Are there functions whose roots are infinitely dense on the real number line?

Question

Related question:-

My question is a generalization of this question.

WARNINGS:-

$(1)$ This question might not have all the needed tags.

$(2)$ I am not a mathematician. So if this question doesn't make sense then please forgive me.

Clarification of the title of this question:-

Some people might ask what do I mean by

infinitely dense on the real number line.

So let me clarify the title with an example.

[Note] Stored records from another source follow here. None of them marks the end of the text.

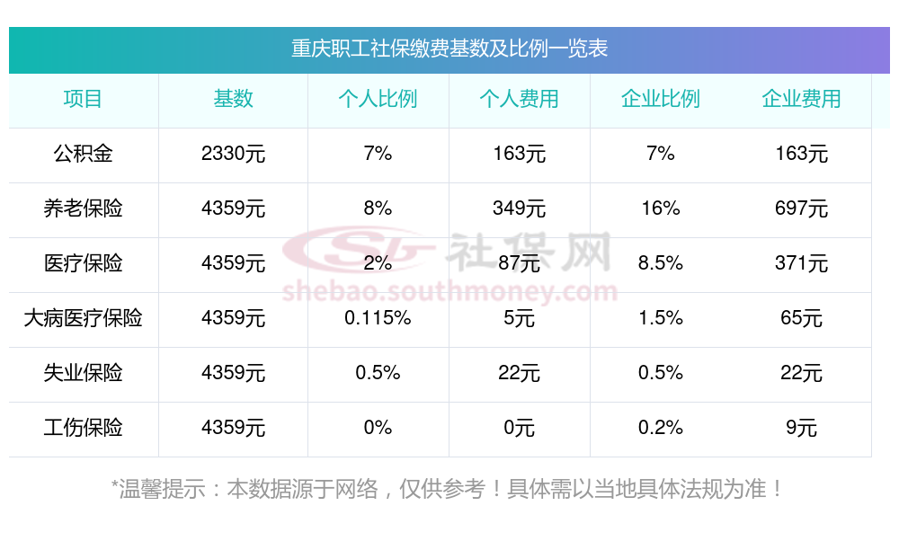 2025社保交多少钱?下表是2025年重庆社保费用明细参考,新社通app-社保缴费查询工具提供的最新数据如下:
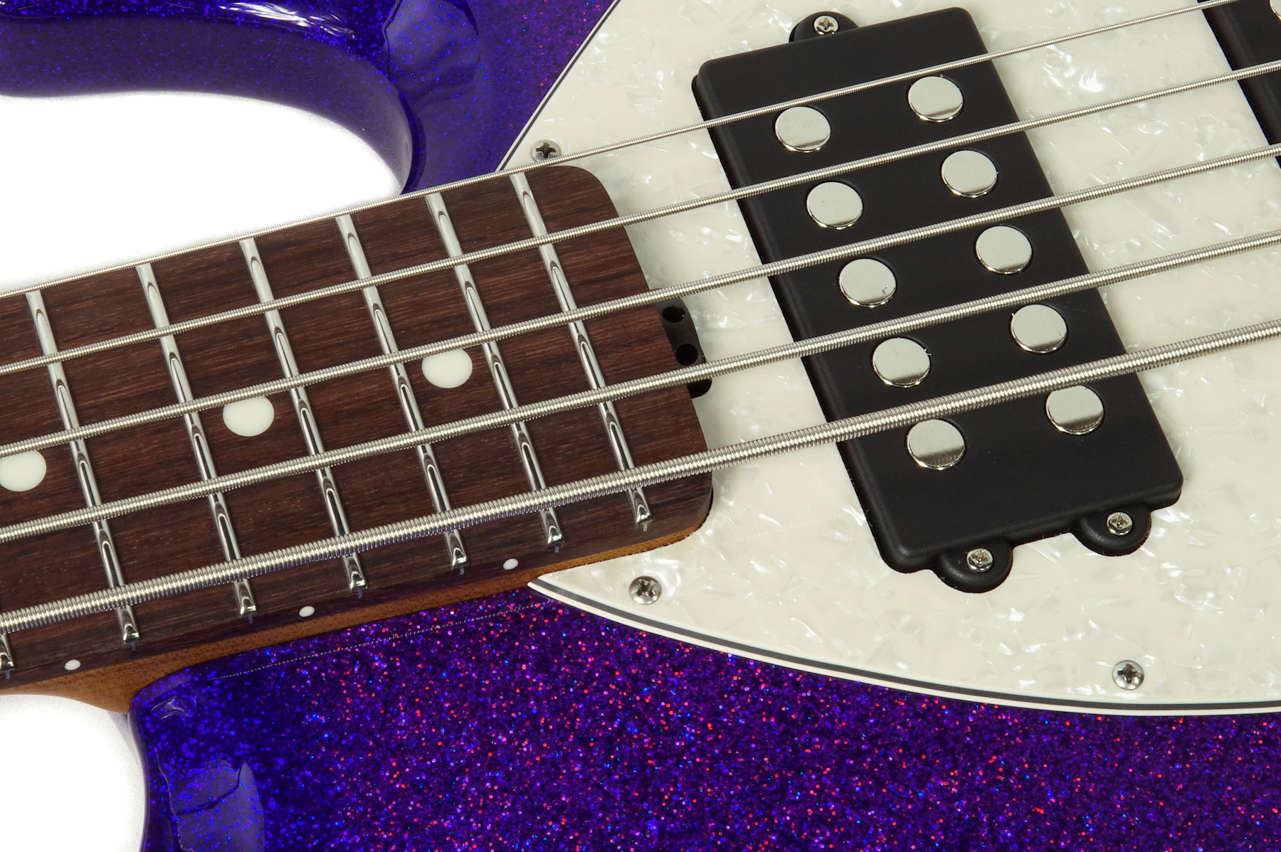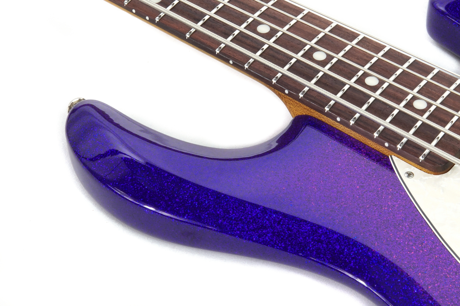 Violet Sparkle Burst pairs a burst sparkle finish with a vintage white pearloid pickguard, chrome hardware, and a roasted maple neck with rosewood fretboard.
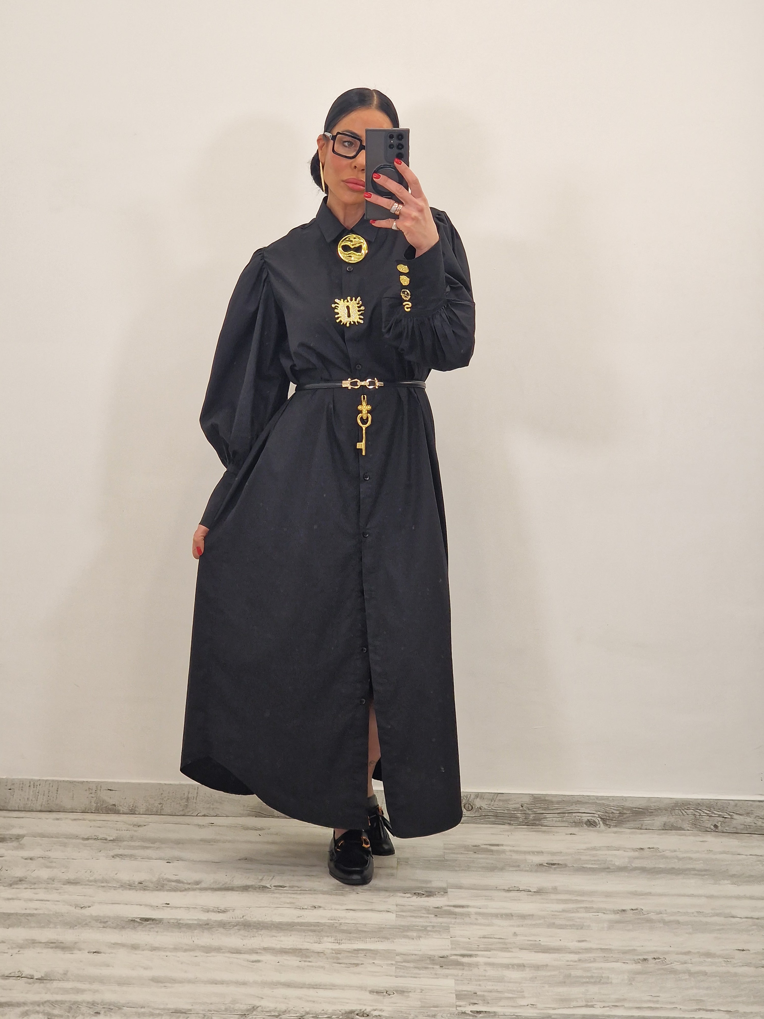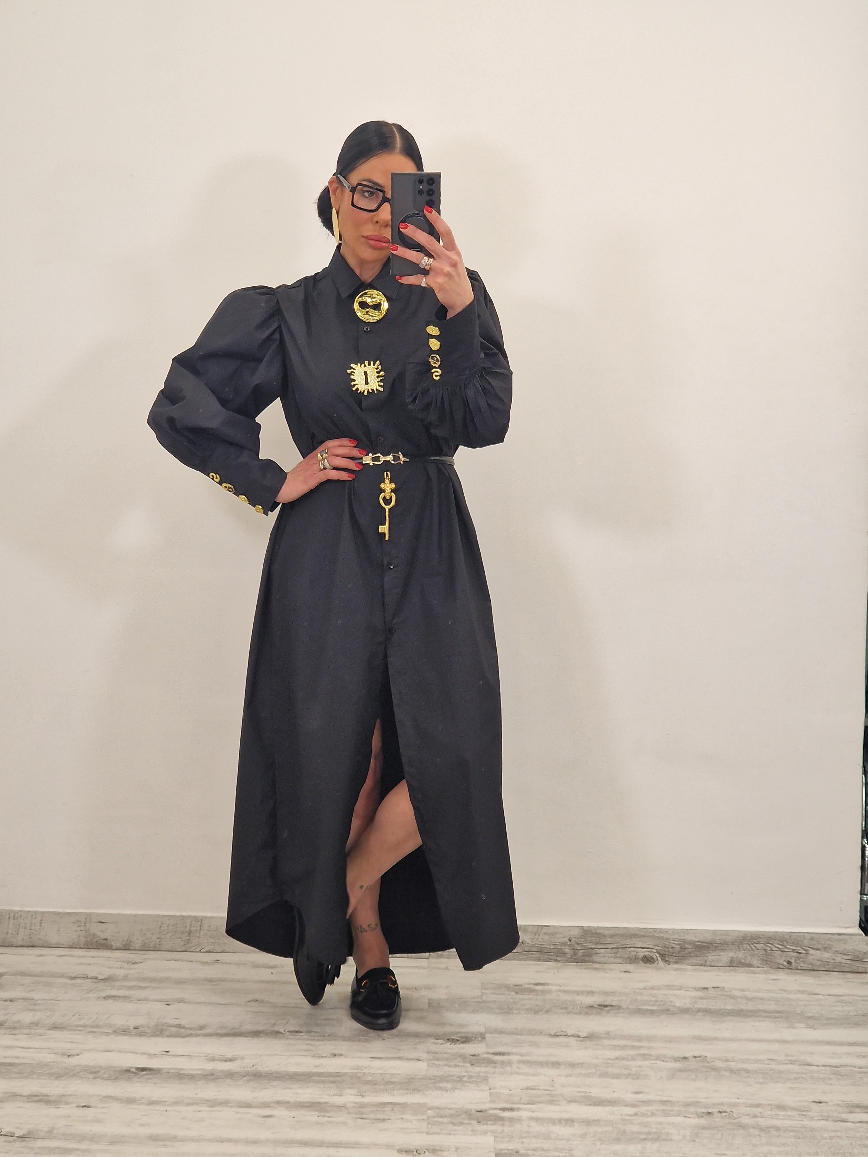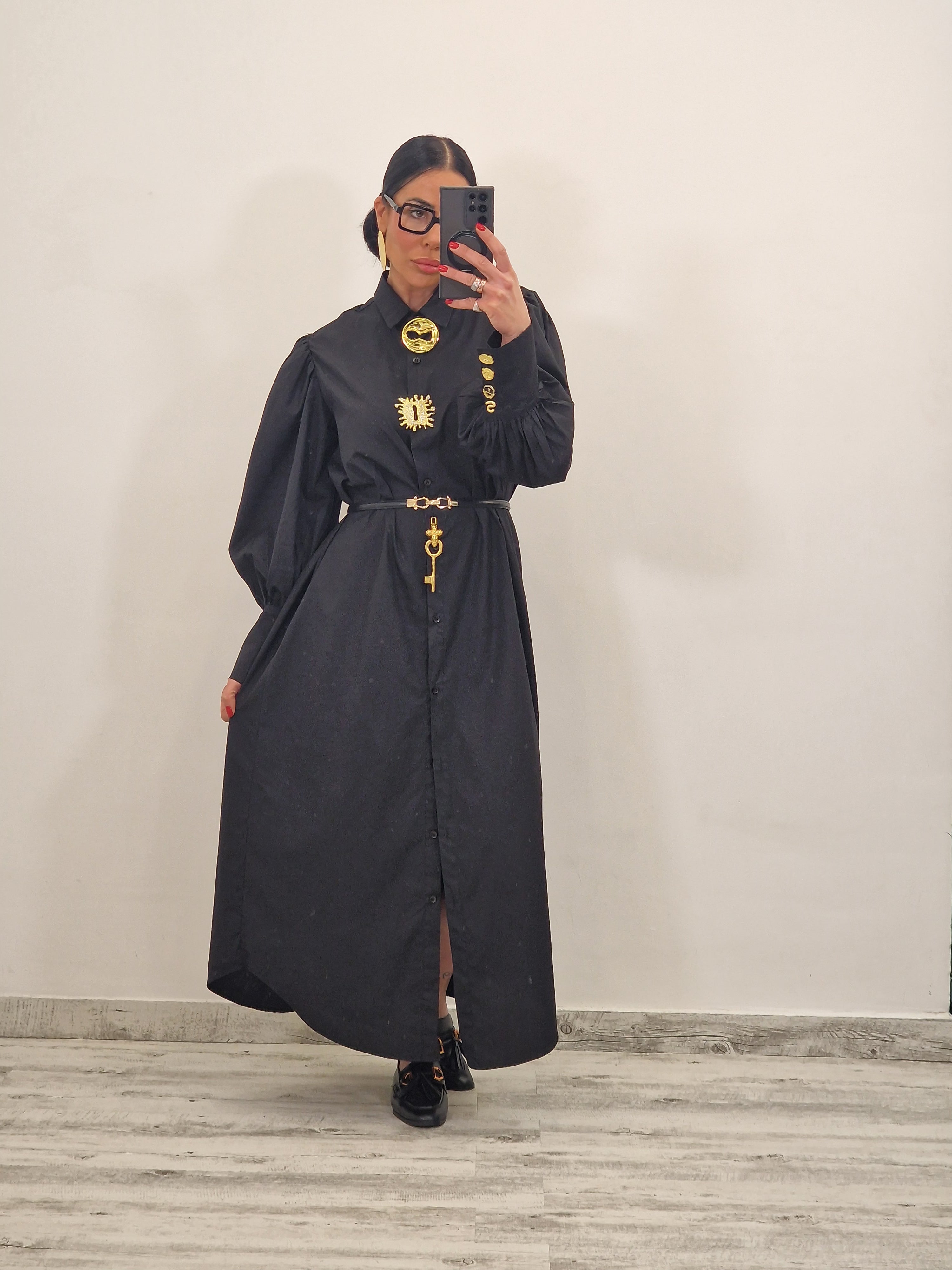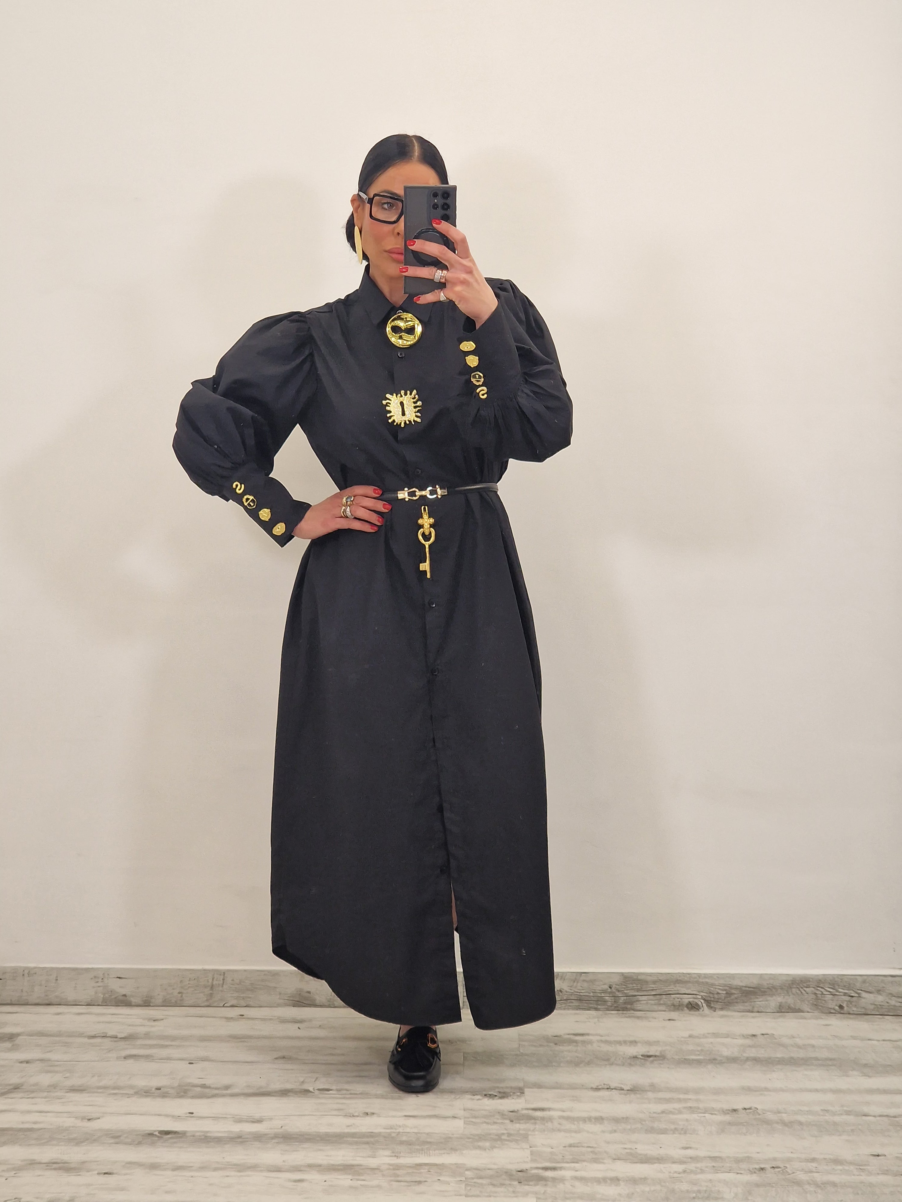 Camicione 100% cotone con spille gioiello dorate e bottoni gioiello sui polsini
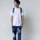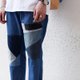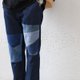 牛仔裤膝头位以不同深浅的牛仔布拼成,裤身备有深浅色选择。
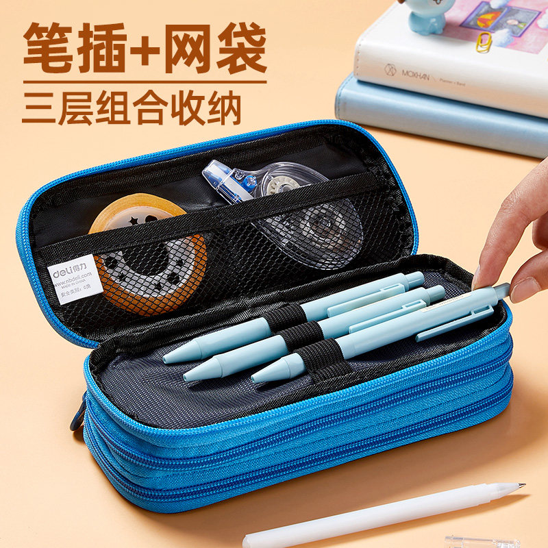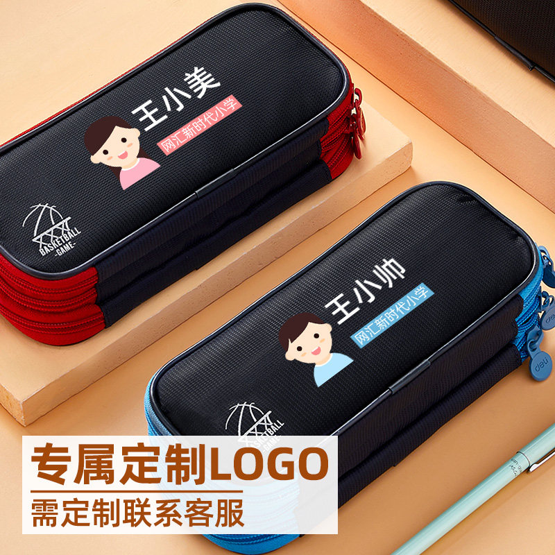 Powerful pencil bag large-capacity male high school student stationery box pencil case canvas custom printed LOGO simple multi-functional junior high school students boys primary school students 2020 new popular three-layer stationery bag

If you take $\mathbb{Z}$ then it is not infinitely dense because in a finite interval on the real line, there exists only finitely many elements of $\mathbb{Z}$

But if you take, for example $\mathbb{Q}$ then it is infinitely dense because in a finite interval of the real line, there exists infinitely many elements of $\mathbb{Q}$.

How I got interested:-

I started wondering about this question after watching a few youtube videos about roots of a function and fractals.

Let,$\mathcal{R}(f)$ be the set of the roots of $f$

If you take $f=sin(x)$ then $\mathcal{R}(f)$ is infinite but not infinitely dense.

I started thinking about that how cool the graph of a function $f$ would look like if $\mathcal{R}(f)$ is infinitely dense because then the graph would intersect the $x$ axis infinitely many times

My questions:-

$(1)$ Let, $f$ be a continuous function.

Then, does there exist $f$ such that $\mathcal{R}(f)$ is infinitely dense?

$(2)$ If the answer to $(1)$ is "no" then why? If "yes" then how to construct such functions?

(If the question is poorly written in mathematical terms then sorry, I am not a mathematician)

Answer 1

Since you say that you're not from a mathematical background, I'll try to exaplain the basics as much as I can. Please feel free to ask for further clarification.

That said, first note that what you're calling infinitely dense is actually simply called dense in the mathematical literature. A dense subset of $\Bbb R$ is

any subset $S$ of $\Bbb R$ such that $S \cap (a,b) \neq \phi$ for any $a,b \in \Bbb R (a \neq b)$.

Now, any function $f : \Bbb R \to \Bbb R$ is is called continuous at $x \in \Bbb R$ if

for any $\epsilon>0$, there is $\delta>0$ such that $|y-x|<\delta$ implies $|f(y)-f(x)|<\epsilon$.

This is also known as the $\epsilon-\delta$ definition of continuity. $f$ is called continuous (on $\Bbb R$) if it is continuous at each $x \in \Bbb R$.

Now that we're done with the basics, let's come to your question. As pointed out in the comments, there is an unique function that satisfies your criteria, the zero function i.e.

$f : \Bbb R \to \Bbb R$ such that $f(x)=0$ for any $x \in \Bbb R$.

Let's actually verify that it's continuous. Choose any $\epsilon>0$. Let $\delta=1$ (or anything else that you fancy). Then, $|y-x| < \delta$ implies $|f(y)-f(x)|=|0-0|=0<\epsilon$. So, the zero function is continuous.

Also, $\mathcal R(f)=\Bbb R$, so the density property is clearly satisfied.

That deals with existence. For the uniqueness part, let $g$ be another such function. Then, if for any $x \in \Bbb R$, consider $\epsilon = {1 \over n}$ for some $n \in \Bbb N$. Then, by continuity, there must be $\delta$ such that $|y-x|<\delta$ implies $|f(y)-f(x)|<\epsilon={1 \over n}$.

By density of $\mathcal R(f)$, there is $y_0 \in (x-\epsilon,x+\epsilon)$ such that $f(y_0)=0$. But then $|f(x)-f(y_0)|=|f(x)|<{1 \over n}$. This is true for each such $n$, so $f(x)=0$.

This is true for each $x \in R$, so $f$ is the zero function. We are done.